The lawyers will decide
Thursday's developments mean that baseball's ability to pursue contraction
this off-season will be determined by the Minnesota Court of Appeals and
baseball's arbitrator, Das.
In November, Hennepin County District Judge Harry Crump issued an injunction
forcing the Twins to honor their 2002 lease at the Metrodome by playing major
league games there, ruling that the team was not allowed to disband.
Baseball's lawyers failed to get an accelerated review by Minnesota's Supreme
Court, and the injunction remains in force until at least Dec. 27, when the
Minnesota Court of Appeals holds a hearing.
Das postponed hearing the Players Association's grievance over contraction
while the owners and the union negotiated this week. Thursday, owners began
their cross-examination of Gene Orza, the union's No. 2 official, who opened the
hearing last week with two days of testimony before Das in Irving, Texas.

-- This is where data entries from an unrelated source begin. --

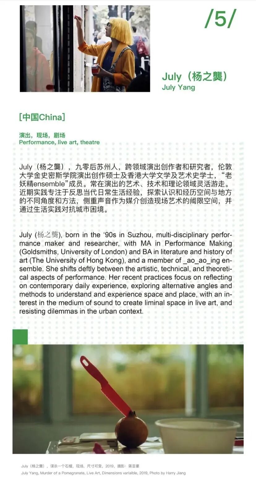 July(杨之龑),香港大学文学及艺术史学士,伦敦⼤学⾦匠学院演出创作硕士,“老妖精ensemble”成员。曾在世界多地进行在地创作,作品涉及声音及剧场等多种形式。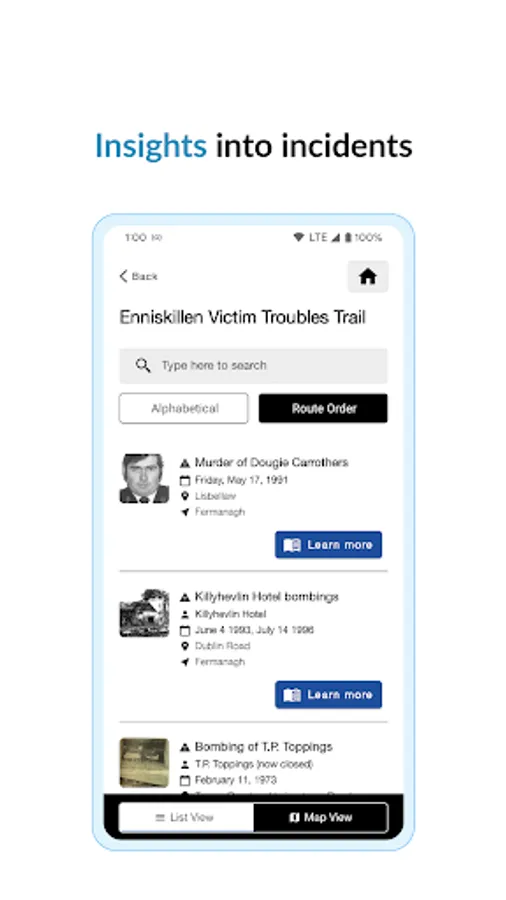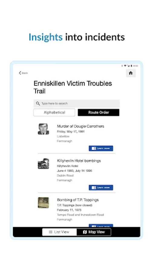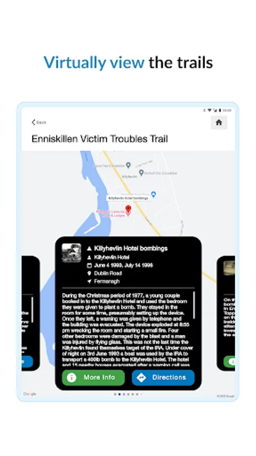 The first trail that has been contained within the App is the Enniskillen and District trail, which highlights the impact those difficult times had on the town and the surrounding district over a 30 plus year period; including one of the most horrific atrocities of ‘The Troubles’ - The ‘Poppy Day’ bomb which resulted in the murder of 12 innocent people. Over the next 12 months we will be adding additional trails to this App.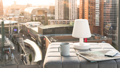 Edison The Petit is the portable night lamp you've always dreamed of: a romantic touch for your balcony or a practical lamp for your desk. We have also applied LED technology to Edison The Petit. Now the lamp lights up from head to toe with 3 different settings. You can light up your life 6 to 24 hours before recharging.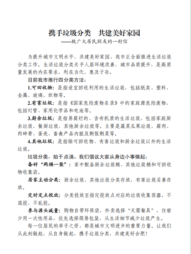 携手垃圾分类 共建美好家园——致广大居民朋友的一封信

Selig has led the owners' campaign to change the financial structure of the
game. His hard-line stance has opened the possibility that the 2002 season won't
begin on time. Baseball's collective bargaining agreement with the players
expired in November, and since 1972, baseball has failed to avoid a work
stoppage each of the previous eight times the bargaining agreement has expired.
"Basically, enough time has been wasted this year on these issues,"
Hocking said. "Spring training is coming up fast, and they better figure
out what they're going to do."
The Twins won 85 games last year, breaking a franchise-record streak of eight
straight losing seasons. Hocking referred to Selig's calling the Twins'
on-the-field success "an aberration."
"You know, with the potential this team has for next year, and the fun
this team can have next year, maybe Bud doesn't want to see the smiles on the
faces of a so-called aberration again next year," Hocking said.
Meanwhile, Ryan denied a rumor that baseball officials had told him not to
make any moves this week. He admitted that he had difficulty making progress
with free agents or trades because of the team's status.
"I haven't had much action here, but it's not because of any
restrictions," he said. "I think people are still staying away from us
because of all this, but it's not for a lack of trying on our part."